§ TASK INSTRUCTIONS: In this exercise, print only the lines of the records below from the one with "on front, in" through the one with "Kadın Uzun Kol", inclusive. Pictures are not part of the copy.

*** GIVEN DATA ***

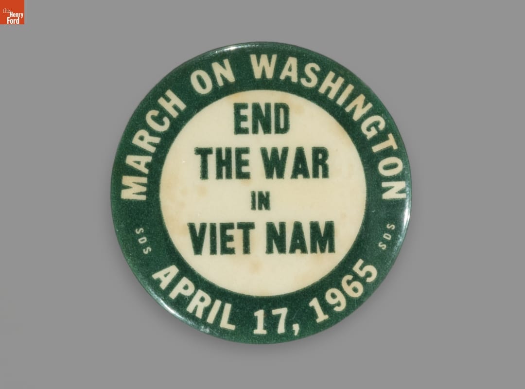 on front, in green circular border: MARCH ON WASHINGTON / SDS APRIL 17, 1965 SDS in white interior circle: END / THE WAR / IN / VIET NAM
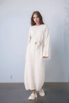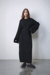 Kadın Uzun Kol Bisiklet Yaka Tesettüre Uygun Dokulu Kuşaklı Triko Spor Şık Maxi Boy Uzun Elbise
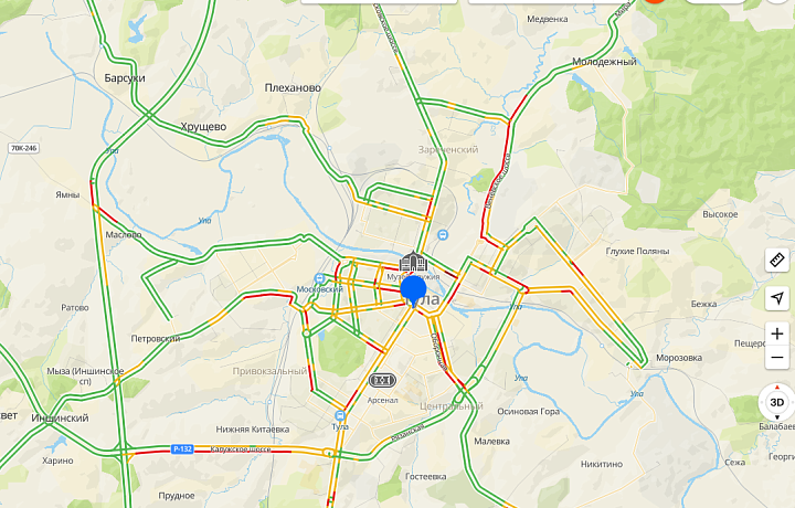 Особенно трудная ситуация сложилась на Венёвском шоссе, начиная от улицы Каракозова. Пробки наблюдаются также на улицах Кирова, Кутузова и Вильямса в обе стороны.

*** End of GIVEN DATA ***
*** GIVEN DATA ***

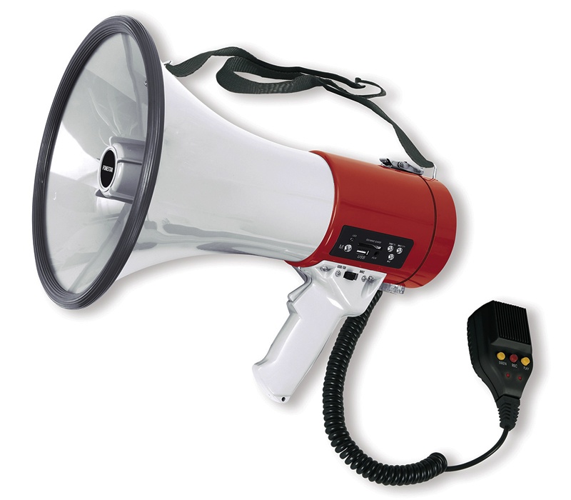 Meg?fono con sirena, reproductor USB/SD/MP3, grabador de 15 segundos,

*** End of GIVEN DATA ***
*** GIVEN DATA ***

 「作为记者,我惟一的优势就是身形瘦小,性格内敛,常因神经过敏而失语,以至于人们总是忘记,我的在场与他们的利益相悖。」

*** End of GIVEN DATA ***

§ ANSWER TO THIS PROBLEM:
 on front, in green circular border: MARCH ON WASHINGTON / SDS APRIL 17, 1965 SDS in white interior circle: END / THE WAR / IN / VIET NAM
 Kadın Uzun Kol Bisiklet Yaka Tesettüre Uygun Dokulu Kuşaklı Triko Spor Şık Maxi Boy Uzun Elbise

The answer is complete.